Gill’s friend, Carmen Martin Bellcampo, hasn’t seen a classic Mexican film on a big screen since she moved to the U.S. from Mexico in 1971.
“This is very special for us,” she said.
The film series was born out of a desire by the theater’s board to broaden the audience demographic. The board members were concerned the Granada was not drawing in the entire Santa Barbara community. Research found the audience tended to be white, older, and affluent, with more than 70 percent over 40 and a majority living in households that earn more than $125,000 a year.
The board of the theater wanted the Granada to be seen as a community arts center, not just a venue for the upper crust.
“We started looking at the groups that weren’t coming to the theater, which were youth groups, low income seniors, veterans and Latino families,” said Anais Pellegrini, the associate director of development at the Granada.
Pellegrini helped to form a community engagement committee within the Granada. Carrie Ohly-Cusack, the chair of the committee, said they started asking leaders of these four groups one basic question.
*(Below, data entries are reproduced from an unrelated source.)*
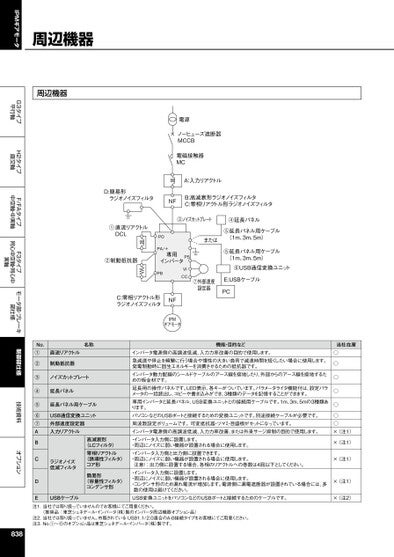 IPMギアモータG3タイプ平行軸H2タイプ直交軸F/FAタイプ中空軸・中実軸F3タイプ同心中空軸・同心中実軸モータ部・ブレーキ部仕様制御部仕様技術資料オプション周辺機器周辺機器D:簡易形ラジオノイズフィルタ①直流リアクトルDCLPO電源ノーヒューズ遮断器MCCB電磁接触器MCA:入力リアクトルNFB:高減衰形ラジオノイズフィルタC:零相リアクトル形ラジオノイズフィルタ③ノイズカットプレート④延長パネルまたはP5⑤延長パネル用ケーブル(1m、3m、5m)⑤延長パネル用ケーブル(1m、3m、5m)⑥USB通信変換ユニット②制動抵抗器PA/+専用インバータPBVICCC:零相リアクトル形ラジオノイズフィルタNFIPMギアモータ⑦外部速度設定器E:USBケーブルPCNo.①②③④⑤⑥⑦ABCDE名称直流リアクトル制動抵抗器ノイズカットプレート延長パネル延長パネル用ケーブルUSB通信変換ユニット外部速度設定器入力リアクトル高減衰形(LCフィルタ)零相リアクトル(誘導性フィルタ)コア形簡易形(容量性フィルタ)コンデンサ形ラジオノイズ低減フィルタUSBケーブル機能・目的など当社在庫インバータ電源側の高調波低減、入力力率改善の目的で使用します。急減速や停止を頻繁に行う場合や慣性の大きい負荷で減速時間を短くしたい場合に使用します。発電制動時に回生エネルギーを消費させるための抵抗器です。インバータ動力配線のシールドケーブルのアース線を接地したり、外部からのアース線を接地するための板金材です。延長用の操作パネルです。LED表示、各キーがついています。パラメータライタ機能付は、設定パラメータの一括読出し、コピーや書き込みができ、3種類のデータを記憶することができます。専用インバータと延長パネル、USB変換ユニットとの接続用ケーブルです。1m、3m、5mの3種類あります。パソコンなどのUSBポートと接続するための変換ユニットです。別途接続ケーブルが必要です。周波数設定ボリュームです。可変抵抗器・ツマミ・目盛板がセットになっています。インバータ電源側の高調波低減、入力力率改善、または外来サージ抑制の目的で使用します。・インバータ入力側に設置します。・周辺にノイズに弱い機器が設置される場合に使用します。・インバータ入力側と出力側に設置できます。・周辺にノイズに弱い機器が設置される場合に使用します。注意!:出力側に設置する場合、各相のリアクトルへの巻数は4回以下としてください。・インバータ入力側に設置します。・周辺にノイズに弱い機器が設置される場合に使用します。・コンデンサ形のため漏れ電流が増加します。電源側に漏電遮断器が設置されている場合には、多数の使用は避けてください。USB変換ユニットをパソコンなどのUSBポートと接続するためのケーブルです。○○○○○○○×(注1)×(注1)×(注1)×(注1)×(注2)注1.当社では取り扱っていませんのでお客様にてご用意ください。(推奨品:東芝シュネデール・インバータ(株)製のインバータ周辺機器オプション品)注2.当社では取り扱っていません。市販されているUSB1.1/2.0適合のA-B接続タイプをお客様にてご用意ください。注3.No.①〜⑥のオプション品は東芝シュネデール・インバータ(株)製です。838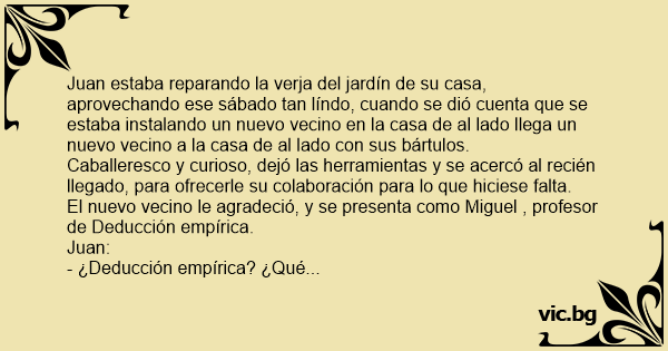 El nuevo vecino le agradeció, y se presenta como Miguel , profesor de Deducción empírica.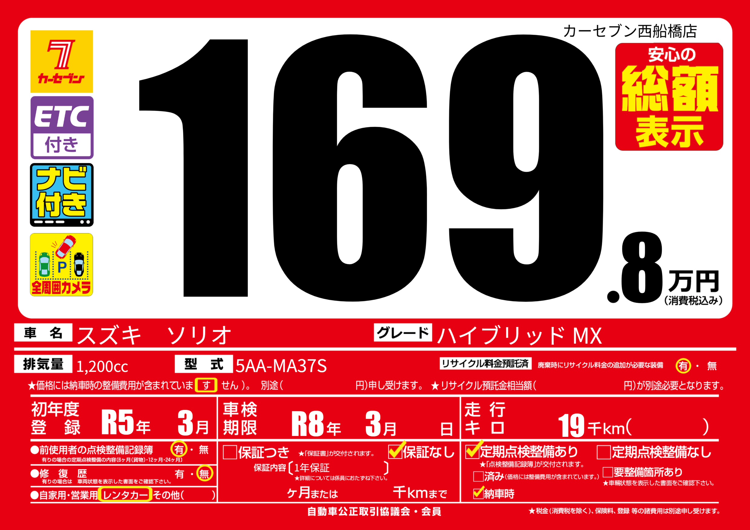 | 車検制限 | R8年 3月 - 日 | ||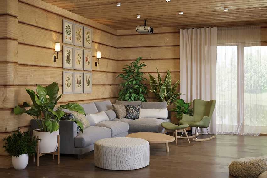 Зеленые комнатные цветы идеально вписываются в интерьер деревянного дома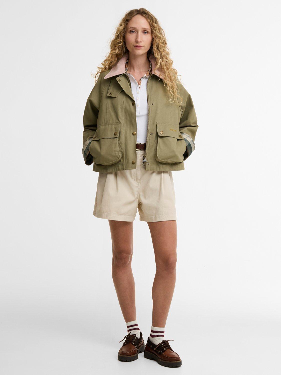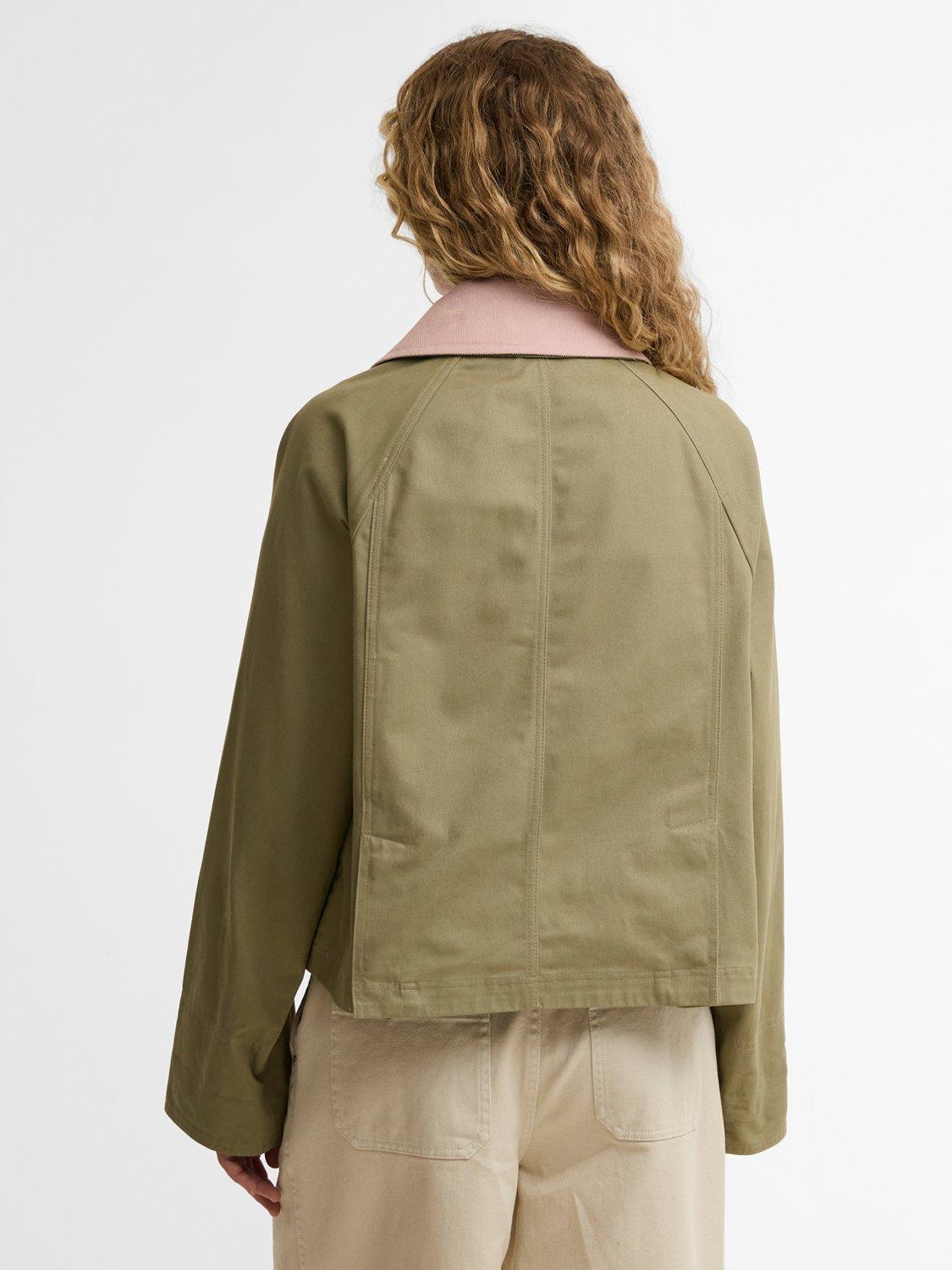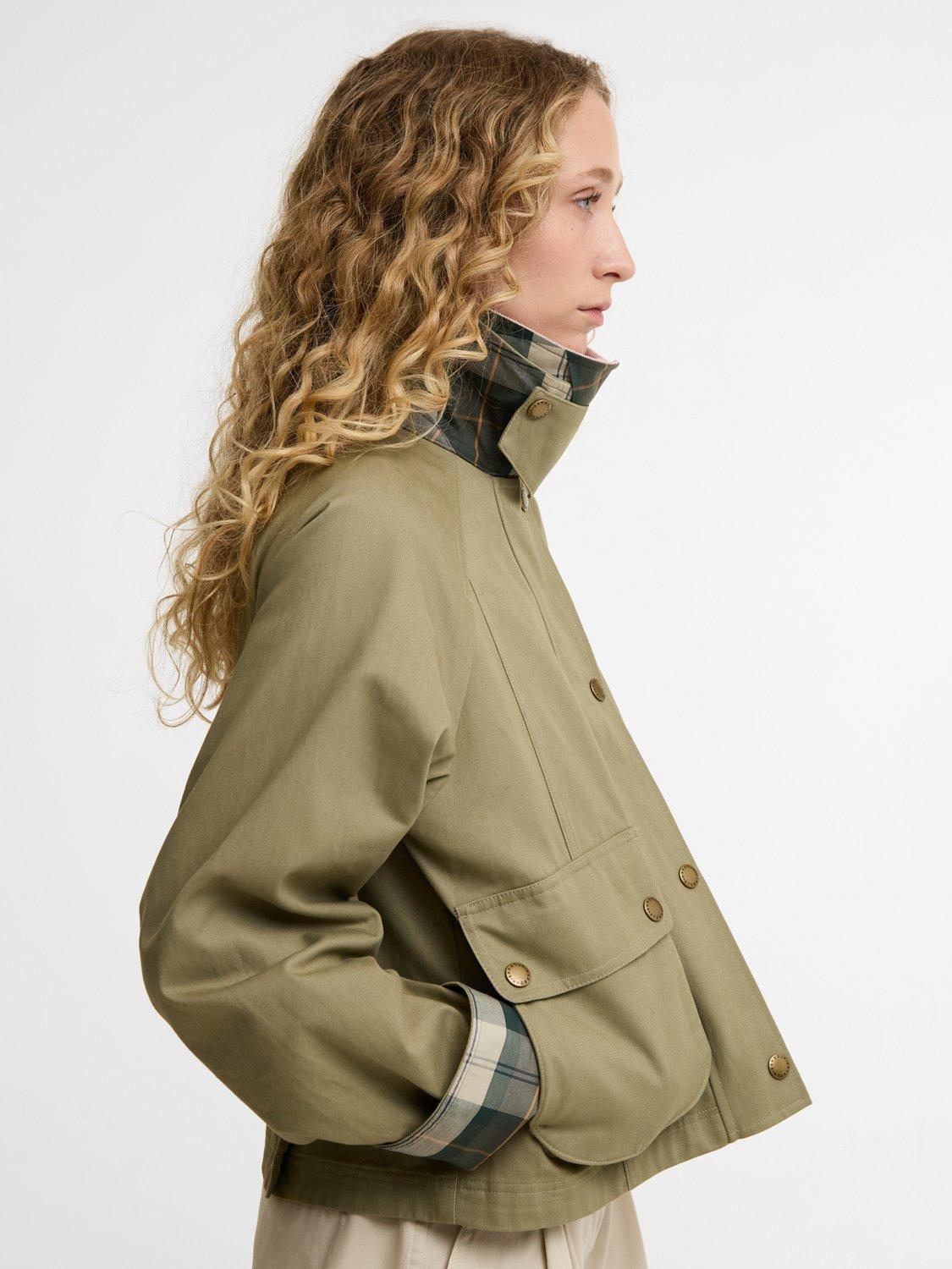 BarbourIcons Beadnell Cropped Jacket, Olive/Gardenia
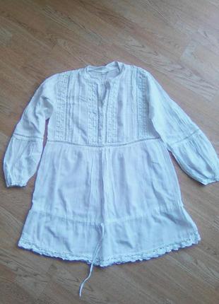 Елегантне коротке плаття-туніка ніжного білого кольору. Б/у у відмінному стані. Розмір M. Довжина 81,5 см ПОГ 50см ПІТ 57см ПО низу туніки 76см 54см Довжина рукава Склад: 100% бавовна. Код Б2006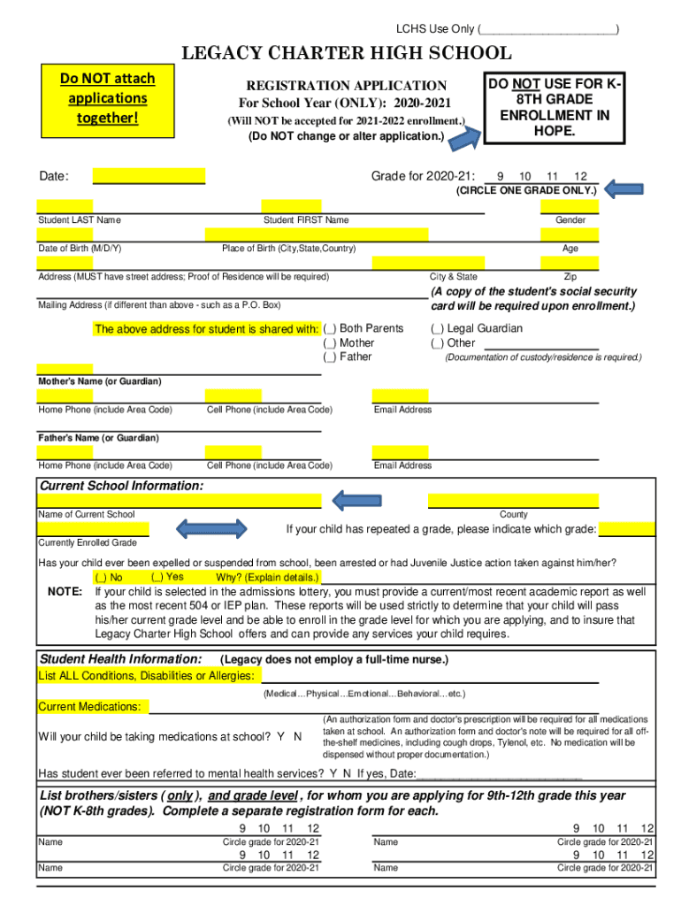 LCS Use Only (___)LEGACY CHARTER HIGH SCHOOL Do NOT attach applications together!REGISTRATION APPLICATION For School Year (ONLY): 20202021 (Will NOT be accepted for 20212022 enrollment.) (Do NOT change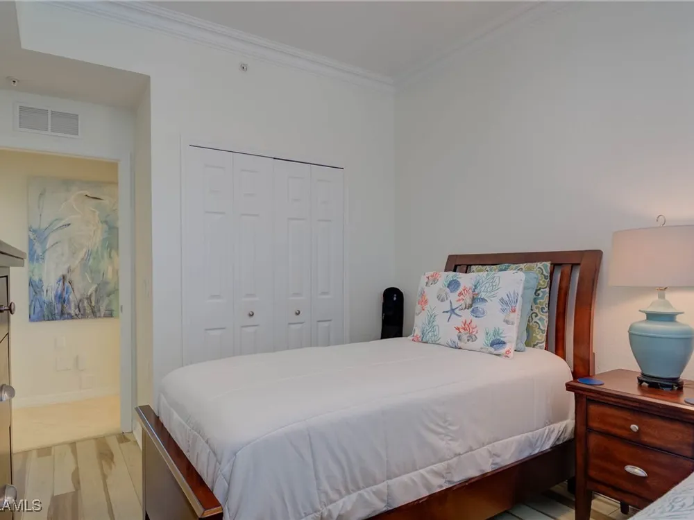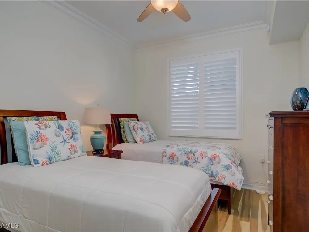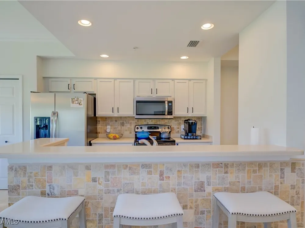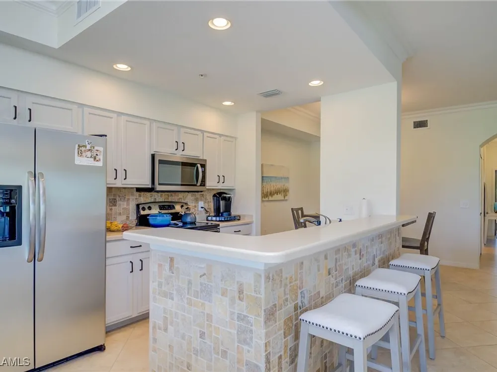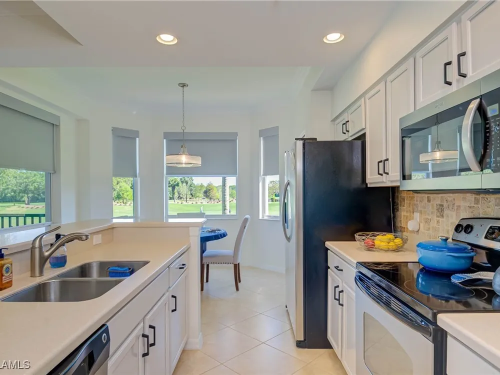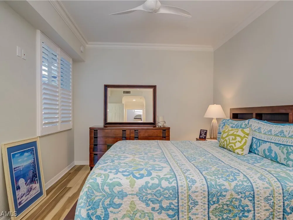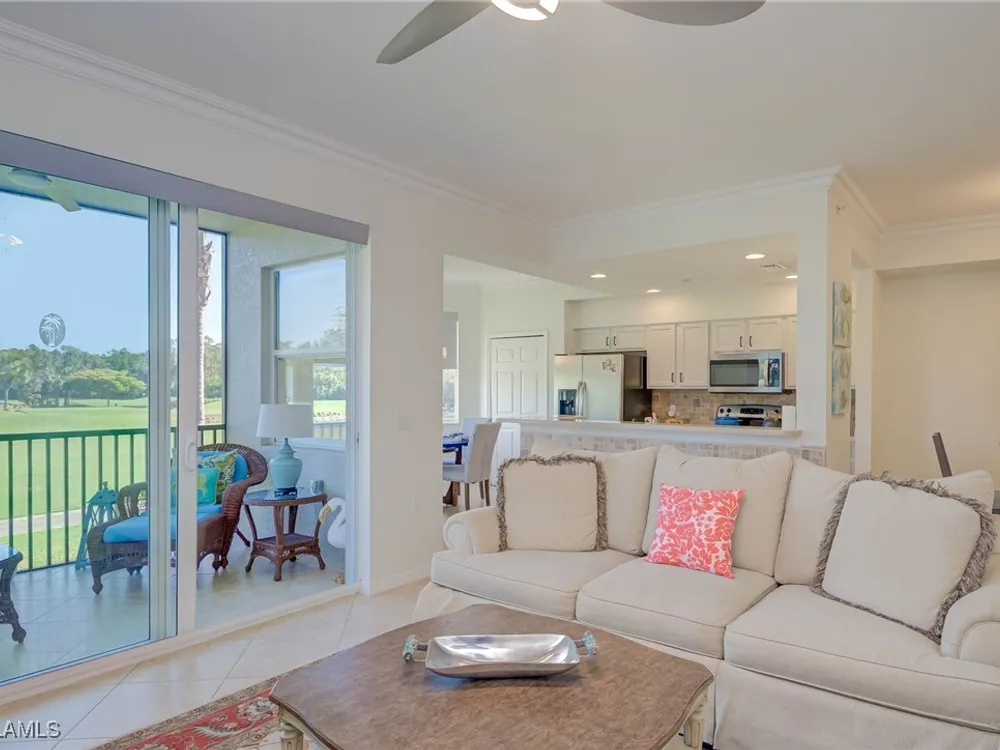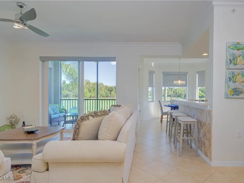 This charming 2-bedroom, 2-bathroom condominium offers 1,232 square feet of comfortable living space With REMARKABLE and STUNNING VIEWS of the 13th green and beyond. TURNKEY FURNISHED AND DECORATED, this BROOKSIDE MODEL has many upgrades including crown molding in every room, updated light fitures and ceiling fans , plantation shudders,solar shades in kitchen and remote control on rear sliding door to the lanai. Luxury laminate flooring in bedrooms ( NO CARPET ) The screened entry and lanai are tiled, enhancing the outdoor living experience. Residents of Heritage Bay enjoy a wealth of amenities, including a golf course, clubhouse,2 restaurants. fitness center, pool, spa, tennis courts,pickleball and bocce The property is conveniently located near top-rated schools, shopping, dining, and the beautiful beaches of Naples.

“What are the barriers? Why don’t we see you walk through our doors? And that’s where we found out it’s a combination of programming, and comfort, and price,” said Ohly-Cusack.
From there, the committee learned a lot more. They learned that family is central to how many Latinos choose to spend their free time. And they found out some Latinos believed they would not be welcome to attend performances.
They also found that the Latinos they surveyed wanted movies – classic Mexican films from the mid-20th century, ones that parents and grandparents grew up watching, and can now share with their American-born kids.
“Film is one of those things that really resonates around culture and identity and kind of who we are and what we are,” said Mark Alvarado, who does neighborhood outreach for the City of Santa Barbara, and helped curate the series. “These films are shown every weekend on syndicated TV in Mexico, and you can pick up those frequencies over the border.”
Although one-third of Santa Barbara’s population is Mexican-American, it’s tough to find a Spanish-language film in theaters anywhere around the city. But, that was not always the case. The Mission Theater, which is now Metro 4 Theater on State Street, played exclusively Spanish-language films from the 1950s until the 1980s.
“It was the only theater that was showing anything in Spanish. It was also the most inexpensive and it was family oriented. Some theaters were not tolerant of children running around,” said Beatriz Molina, who was also attending the film series. The Mission Theater was owned by her father, Antonio Molina, along with Dr. Michael Lemus and Thomas Hidalgo. They catered to Santa Barbara families of Hispanic descent, as well as Mexican farmworkers who came to Santa Barbara on the bracero program.
In 1987, the theater was bought out by Metropolitan Theaters, the chain that still runs most of the movie houses in Santa Barbara and Goleta.
When her father lost the lease, Molina said Latinos living in Santa Barbara lost that Sunday afternoon tradition.
“I remember the challenge was, where do the Mexican people go to see (Spanish) language movies?” she said.
Nearly 30 years later, with a new film projector and a freedom not afforded to most commercial movie houses, the Granada is trying to fill that void and lose its reputation as a theater for the white upper class.
“This is not an audience that we’ve really seen in the Granada, and so I think there’s a little bit of a trust factor,” said Ohly-Cusack, the chair of the Community Engagement Committee. She understands it will take some time. “But, I do think the trust will build as people see that we stick with it.”